Food Film Fiesta: Revisiting “Big Night”

Every second and fourth Wednesday night of the month, legendary bartender/chef/restaurant insider Dave Mau hosts Dinner with Dave at Memphis at the Santora, where he treats drinkers to a free meal and live music as the evening progresses. To remind ustedes of this great night, Dave treats us that week to a random OC food or drink musing of his choice. Enjoy!!

I’ve been meaning to make a timpano.

There have been many years of threatening to do so for the holidays but it’s a pretty formidable undertaking even by my standards and, to be perfectly honest, I’m scared to death of screwing it up. It’s a massive, San Onofre reactor-shaped beast of a meal. Within its baked shell lie pasta, eggs, sausage, cheese and/or a hundred other variations of ingredients, depending on whose kitchen gospel you adhere to. You really need a ridiculously big ceramic bowl to pull it off and so far that’s been my excuse not to build one. And that is a total cop out.

The timpano came into our popular American culinary lexicon back in 1996 with the release of Big Night. Upon Google-ing it you can experience the varying levels of success by the do-it-at-home crowd. The movie itself is a cult fave, both the food and indie film crowds ate it up (pun intended) but it didn’t move very far into the mainstream aside from the above-mentioned main course.


It may seem strange to talk about a 17 year old movie but a recent Facebook post prompted me to bring it up. I couldn’t believe the amount of my “in the know” food friends and associates that had never heard of the film, much less seen it. I was shocked. Starring Tony Shaloub, Stanley Tucci, Isabella Rossellini and Ian Holm, it is the story of two brothers who come to America and open their own small Italian restaurant in New York in the 1960’s.

The brother kitchen aspect of the movie really resonates with me and not just because of the obvious aspects. It’s no secret that I lost my younger brother Chris more than four years ago. Our culinary adventures together spanned more than two decades and I still can’t believe he is gone. There is a brotherhood in cooking and if you top that with actual brotherhood, well, you can fill in the blanks. That’s what I like most about this film.

Good food movies are based on the tension of partnership and Shaloub, playing Primo the older brother and Tucci, playing the younger more pragmatic Secondo pull it off perfectly. Primo is a culinary savant that brings the flavor of the old country with him and possesses a narrow but admirable view of food. He calls a guest who orders risotto AND spaghetti a “Philistine” in an epic use of the word. Secondo understands the nuts and bolts of the industry and his quote is spot on as well. His brother says “Give people time, they will learn.” His response? “I don’t have time for them to learn.” The two of them also have to struggle against clients expecting the watered down mid-century version of “eye-tal-ian” cuisine instead of the real stuff from the old country.

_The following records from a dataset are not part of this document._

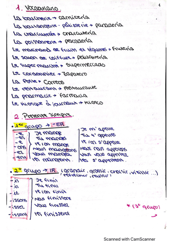 Gramática completa del contenido de Francés II en Andalucía, incluyendo tiempos verbales, voz pasiva, pronombres CD y CI y ejemplos
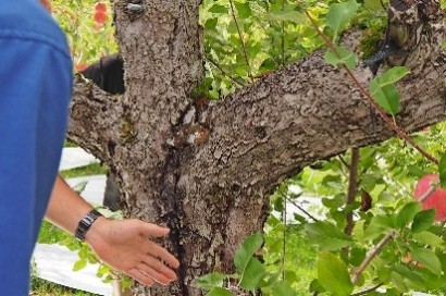 15年前の雪害で折れ、ダメになってしまったりんごの樹を、ボルトや金属パーツを使い”手術”をし、修復をしたそうです。
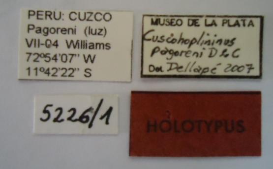 Cuscohoplininus pagoneri. Holotype. Labels. (MLP) - (CC BY-NC 4.0) - Photo by Eugenia Minghetti. Museo de La Plata. Facultad de Ciencias Naturales y Museo, La Plata, Argentina.
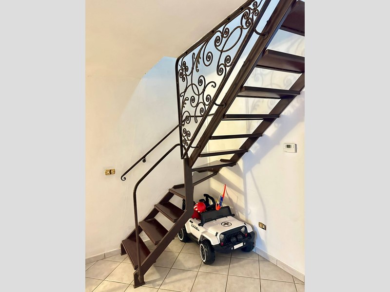 La soluzione è composta da: un vano scala indipendente che dà laccesso allingresso, soggiorno, tinello con angolo cottura in muratura, cucinotto, due bagni e camera matrimoniale caratterizzata da volte a stella con affaccio sul balcone antistante.
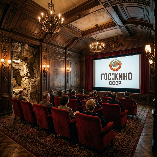 Подземный кинотеатр дачи — экран «ГОСКИНО СССР», бархатные кресла и каменная порода на стенах
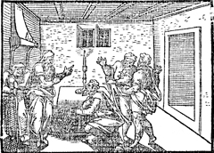 Description: Saul consults the medium at Endor to call up the spirit of Samuel. Illustration by Pierre Eskrich (ca. 1550-ca. 1590).
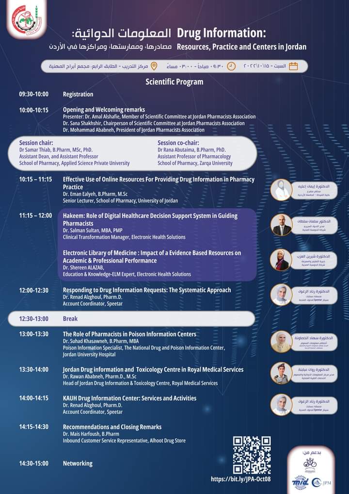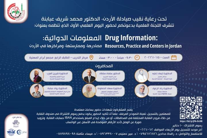 وسيقام اليوم العلمي الاول للجنة العلمية؛ تحت رعاية نقيب صيادلة الأردن، الدكتور محمد شريف عبابنة، وبدعم من احد مستودعات الأدوية ؛ بعنوان:
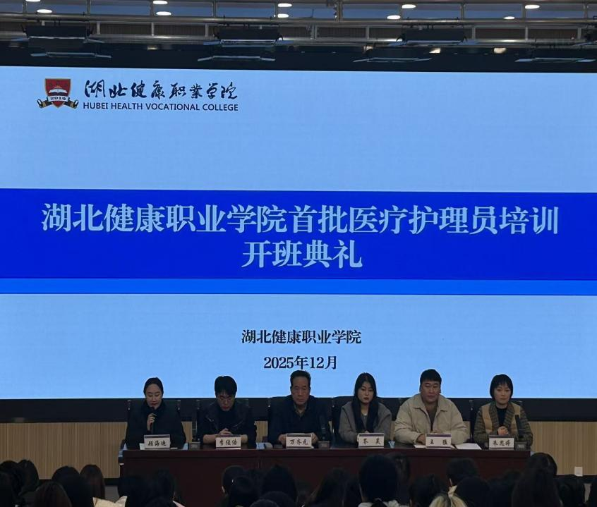 护理系基础教研室主任朱思婷介绍,培训严格遵循湖北省卫健委《医疗护理员培训大纲》,采用“线上+线下”融合教学模式,由专业师资授课,内容兼具科学性、规范性与实用性。典礼后随即开展第一课《医疗护理员的职业定位与伦理规范》,12月20日至21日,学员完成轮椅转换、经口喂食喂水、穿脱衣物等核心实操项目实训。
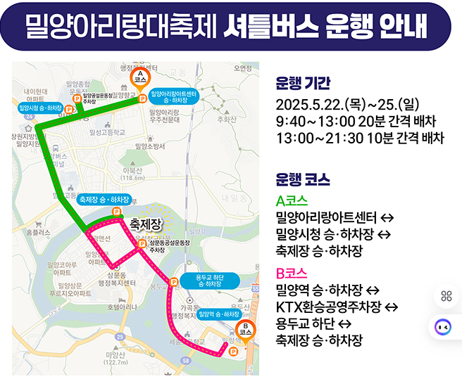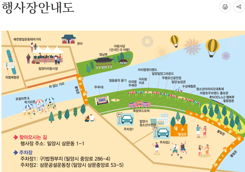- **밀양역(KTX)**에서 도보 15분 거리 축제장!
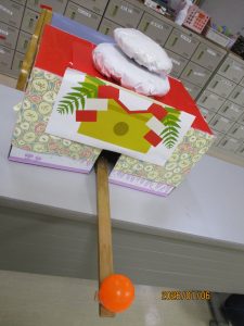 シーソーでみかんを飛ばして鏡餅にのせるゲームです。
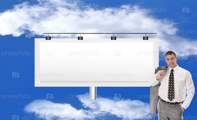 Успешный бизнесмен у рекламного щита на фоне голубого неба
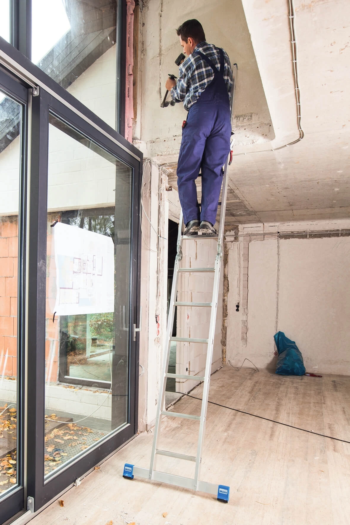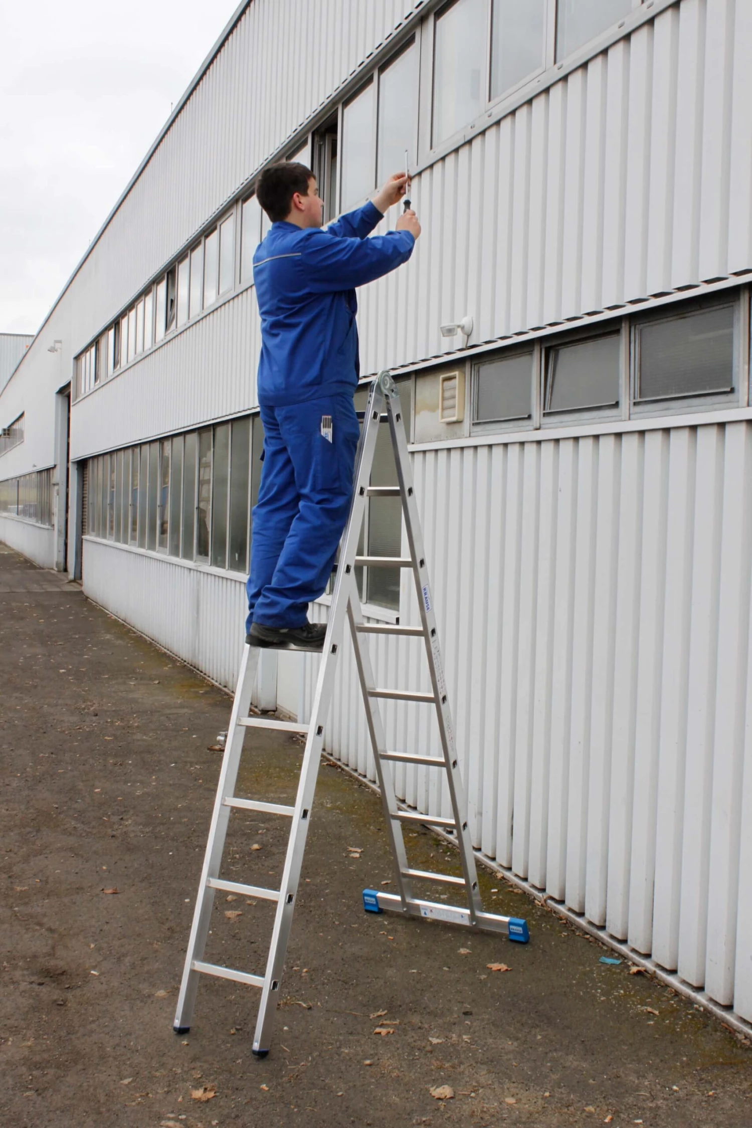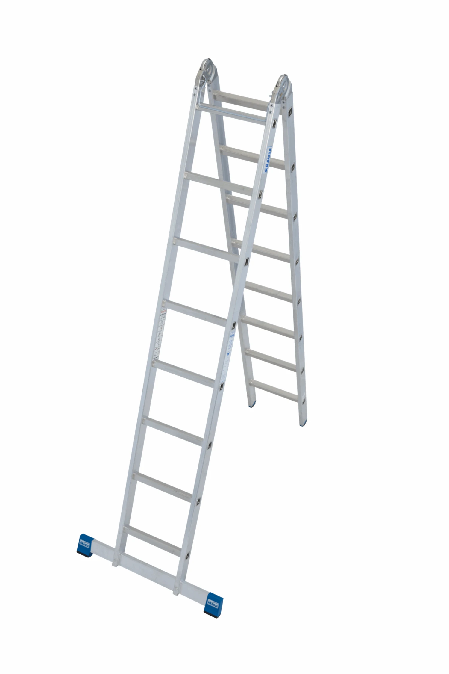 Professionelle, verstärkte Aluminium-Sprossen-Gelenk-Doppelleiter, die als Steh- und Anlegeleiter einsetzbar ist.
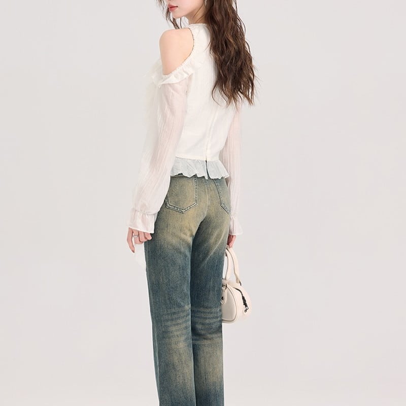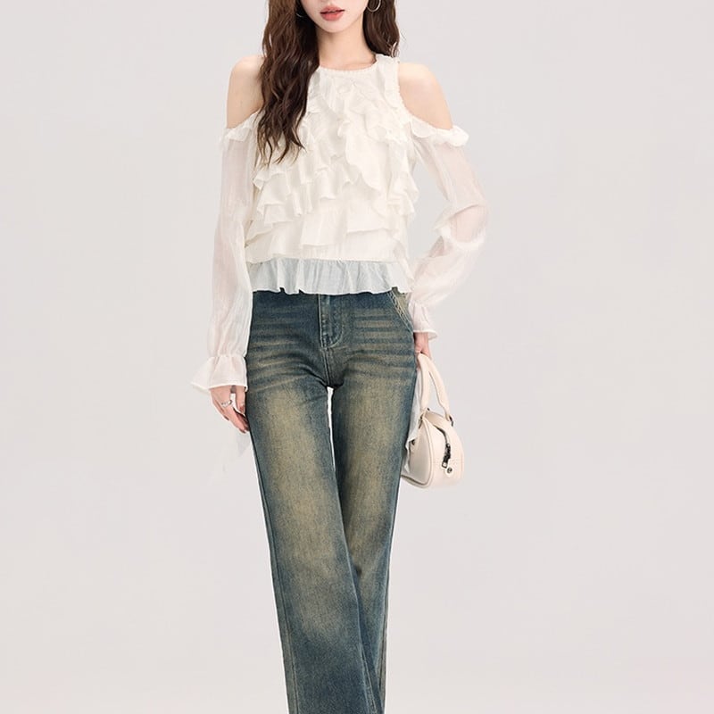 肩出しデザインと繊細なフリルがフェミニンな印象を与えるブラウスです。

Throw into the mix Pascal, played by Holm, who owns the douchebag, uninspired Italian joint right across the street and you have the wild card in the mix. His place has a line out the door but as Primo puts it-“Do you know what happens in that restaurant every night? RAPE! RAPE!… The rape of cuisine!” But like most successful one-dimensional restauranteurs he reveals himself with the quote, “I am a businessman. I am anything I need to be at any time”.

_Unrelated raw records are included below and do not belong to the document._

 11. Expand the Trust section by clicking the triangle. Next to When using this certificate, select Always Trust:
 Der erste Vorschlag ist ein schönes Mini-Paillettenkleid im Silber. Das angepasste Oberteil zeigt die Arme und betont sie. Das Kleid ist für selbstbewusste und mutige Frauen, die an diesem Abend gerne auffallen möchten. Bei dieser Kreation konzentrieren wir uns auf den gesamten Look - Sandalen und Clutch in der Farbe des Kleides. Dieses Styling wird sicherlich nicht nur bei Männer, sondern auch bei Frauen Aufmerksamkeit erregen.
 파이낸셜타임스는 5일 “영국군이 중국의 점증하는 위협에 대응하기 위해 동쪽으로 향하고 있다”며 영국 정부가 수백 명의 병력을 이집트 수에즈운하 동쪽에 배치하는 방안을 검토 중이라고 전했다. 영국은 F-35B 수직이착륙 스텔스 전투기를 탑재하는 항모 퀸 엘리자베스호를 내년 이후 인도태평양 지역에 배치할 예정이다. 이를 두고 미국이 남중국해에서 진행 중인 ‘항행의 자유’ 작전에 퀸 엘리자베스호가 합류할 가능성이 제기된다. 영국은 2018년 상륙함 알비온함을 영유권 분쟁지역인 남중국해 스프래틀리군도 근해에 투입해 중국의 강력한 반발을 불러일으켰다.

The two brothers are in hot water and Secondo approaches Pascal for a loan. Pascal refuses but does offer to get Louis Prima to their place for a big dinner in order to help things out. I won’t spoil the ending but you can probably figure put what happens and who is responsible. The timpano scene is epic though. As the big party commences, with the brothers bringing out course upon course waiting for the arrival of Prima, the timpano comes last. The guests dive in and as they begin to eat Pascal slams his fist down on the table, gets up and says to Primo “This is so good I should fucking kill you!”

The final scene of the film takes place the next morning, after a huge argument the night before. Secondo effortlessly takes his time making some eggs in total silence. The two brothers sit down to eat, the camera going from a lockoff to a slow tracking shot. When the camera stops moving Primo puts his arm around Secondo as they both realize things will never be the same.

Big Night is not shot as slickly as others, sometimes pondering across the screen like a lost pet and it has a certain film school quality. I consider it the ultimate chef’s movie though, showing where the tender craft of cooking collides with the painful realities of The Biz like subatomic particles smashing into each other at CERN’s hadron collider. It also illustrates two things about the Biz that I believe most: 1) the restaurant you really should be at is just as likely to be across the street sitting all but empty of customers and 2) how busy a shop is probably has nothing to do with the quality of the food. If you consider yourself a “foodie” or have been in the industry for a bit, grab a bottle of red, make some pasta, plant your ass down on the couch and make a night of Big Night.